Last week, Mat and Rob from the Digital Observatory gave a talk at the University of New South Wales about the current Web social data landscape and how advanced technologies such as AI and Large Language Models (LLMs) can be leveraged to augment research.
This blog post is a quick recap of the talk. If you'd like to found out more, please feel free to contact us.
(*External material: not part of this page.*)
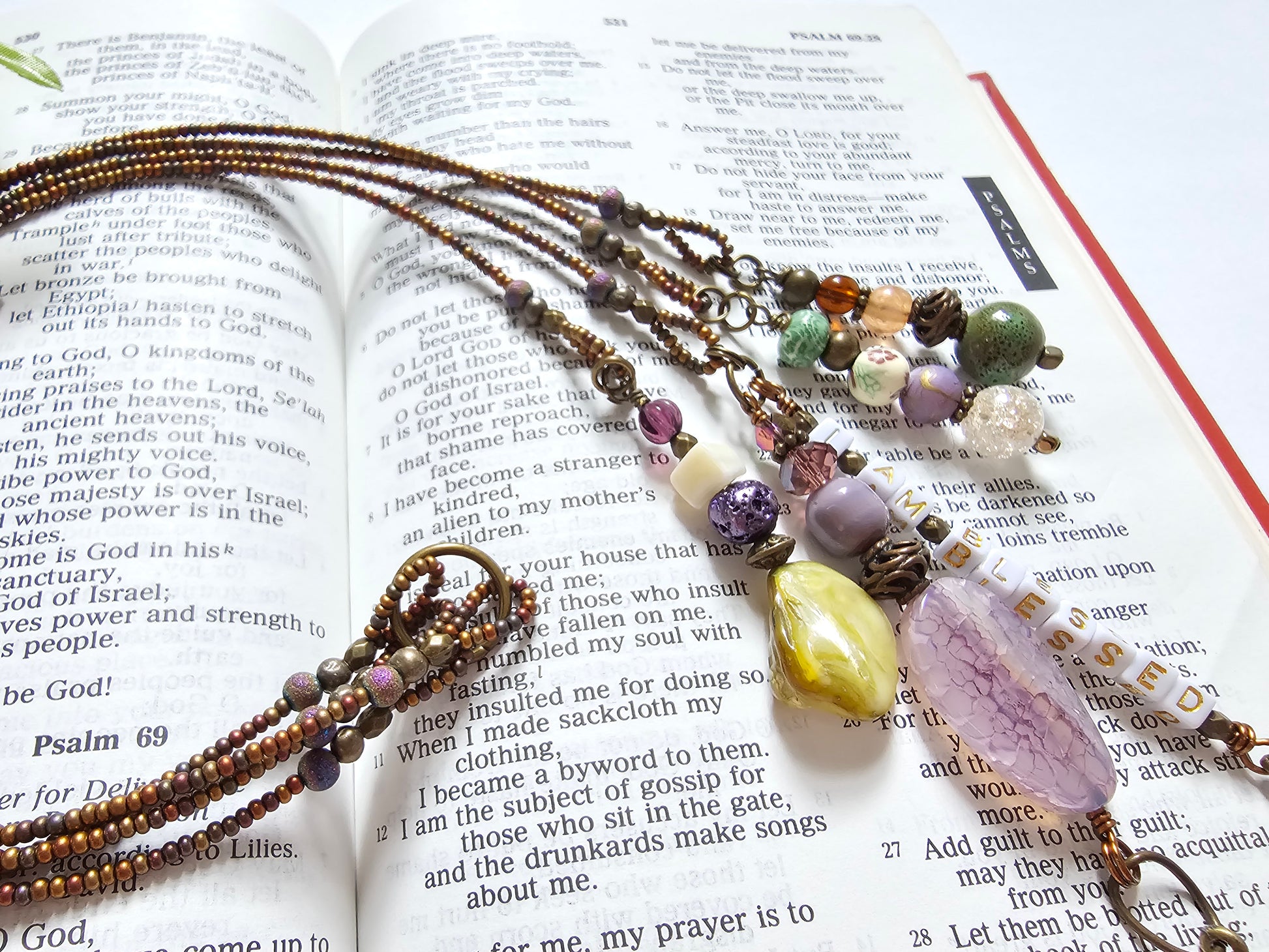 A new decorative beaded bookmark to hold your reading spots (in your bible or other books), while also reminding you of who you are in Christ - Blessed!

First, we reiterated the value that social data on the web (social media, forums, chats, reviews, etc.) has contributed to the research community, easily demonstrated through the long list of journal articles and publications using such data.
We stressed the importance of Twitter and Reddit as two open data sources, which before could be readily obtained by researchers via their APIs. Then, with Elon Musk taking over Twitter, and data-gorging AI models such as ChatGPT turning Web data into the new oil, previously freely accessible APIs now charge researchers an exorbitant fee for a fraction of the volume.
Implications for research: Gone is the era of free API access - walled gardens such as Facebook and Instagram are now the new norm. It will be harder to get data from any single platform.
We talked about how we as a research infrastructure facility navigated the path forward: developing tools to collect data from still-friendly platforms, and "diversifying" by harvesting data from multiple platforms.
As part of this, we introduced a curated databank of reader commentary on new sites and a tool to collect YouTube metadata and comments.
The latter half of our talk revolved around LLMs and their potential to augment HASS (Humanities and Social Sciences) research quality and scale. We discussed the strengths and weaknesses of LLMs. Based on that, we suggested ways in which LLMs can be leveraged to assist researchers and gave some demos.